Благодаря открытию Гудкова, которое он обнародует через пять лет, у меня такой хроноскаф есть. Правда, садиться в него не надо, достаточно достать из кармана, набрать на пульте нужное время и нажать кнопку «Старт».
Я закончил завтракать, переоделся, взял приготовленный загодя кейс, вышел на лестничную площадку и закрыл дверь. Затем достал из кармана хроноскаф, в просторечии именуемый «джамп», набрал «20 июля 2001 года, 13 часов 20 минут» и нажал на «Старт».
ГЛАВА ТРЕТЬЯ
На лестничной площадке практически ничего не изменилось. Даже кремовый цвет панелей в подъезде был таким же, как пять лет спустя. Только солнечные блики, падавшие из окна на правую стену, рывком переместились на левую – я вышел из дому в начале одиннадцатого, а здесь уже половина второго. Конечно, можно синхронизировать время суток, но я не стал мудрствовать и воспользовался предложенной вариатором версией, когда на лестничной площадке никого не будет ни в момент отправления, ни в момент прибытия. Первый вариант всегда самый надежный, исключающий возникновение флуктуаций.

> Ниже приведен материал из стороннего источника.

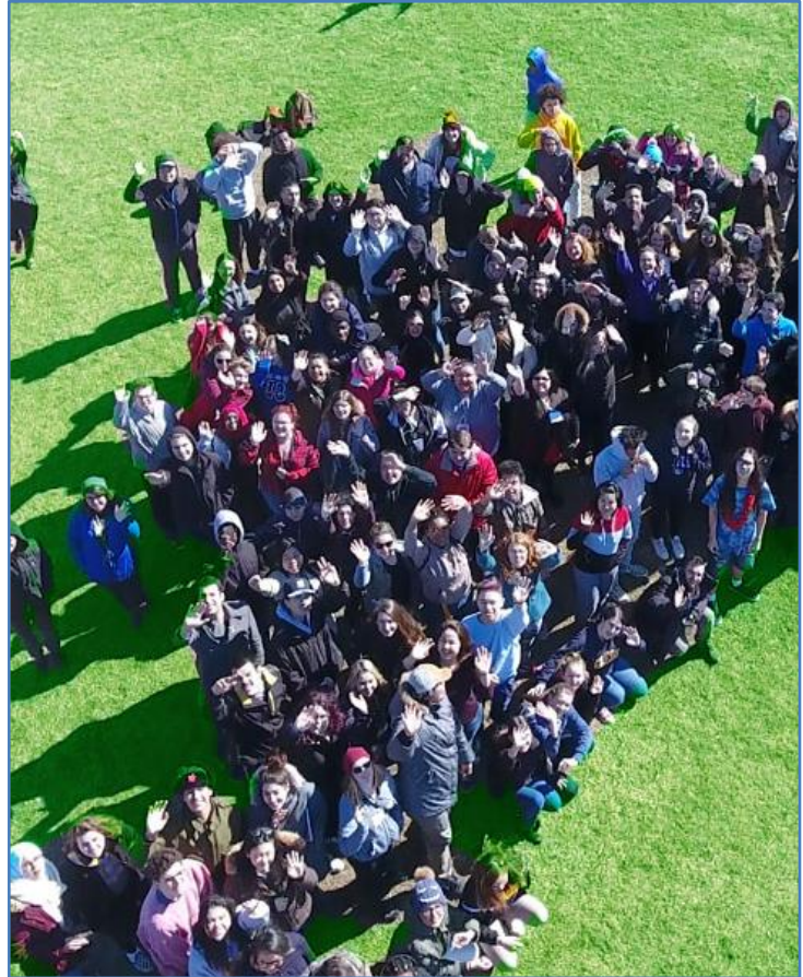
Delegates from the #CanadaWeWant Conference

This report is the culmination of these activities and reflects children and youth's perspectives on the UNCRC. It is our hope that this report will be a call to action to all adults and governments across Canada to ensure that all children and youth in Canada know their rights and can see them exercised.
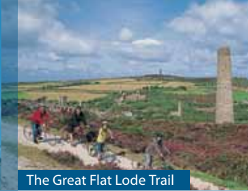
The Great Flat Lode Trail
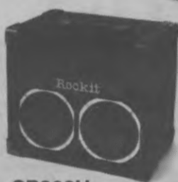
SP208H 200w RMS (400 x 430 x 350mm)

New Generation computer aided design, PA, Keyboard speaker systems using FANE Studio Series drivers. Compact yet powerful and efficient.
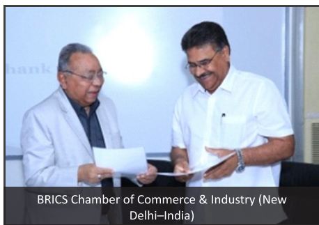
BRICS Chamber of Commerce & Industry (New Delhi-India)
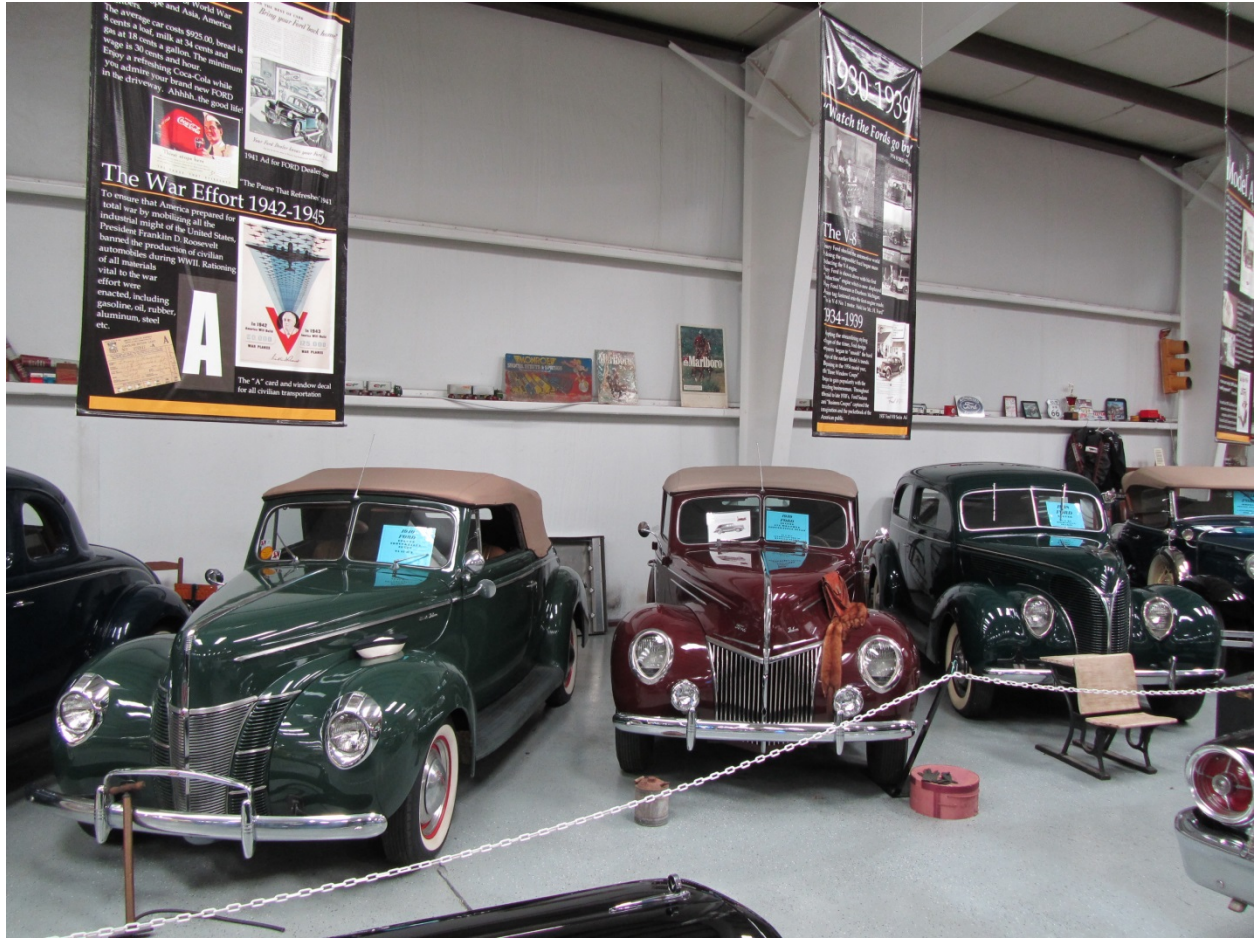
The 1940, 1939 & 1938 Ford Deluxe triplets.
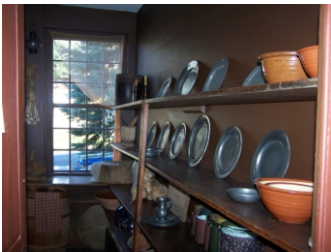
Larder with antique pewter plates
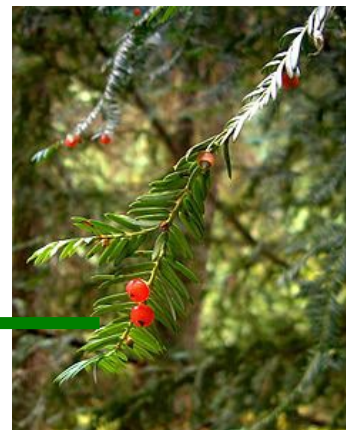
Taxus brevifolia Pacific Yew tree
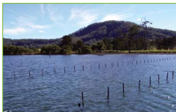
Oyster leases in the Shoalhaven River
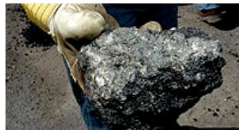
A City of London worker holds some asphalt before it is heated in a truck equipped with an infra red heater box. The heating takes about 20 minutes depending on the air temperature.

Спустившись на лифте, я вышел из подъезда, прошел к стоянке такси и сел в машину на заднее сиденье.
– В Шереметьево.
Шофер попался на редкость молчаливый, и мне это было на руку. Когда до аэропорта оставалось совсем немного, я достал из кейса лингвистический программатор, выбрал позицию «американизированный английский язык, виржинское произношение», вставил в ухо детектор, оформленный под наушник аудиоплеера, и прикрыл глаза, якобы наслаждаясь музыкой. Когда через пять минут я открыл глаза, то увидел, что мы подъезжаем к зданию аэропорта. Я отключил программатор, спрятал в кейс, а когда такси остановилось, молча, не торгуясь, расплатился. Ни к чему демонстрировать шоферу ломаный русский с виржинским акцентом. Американцу Тэдди Смиту проще проходить паспортный и таможенный контроль.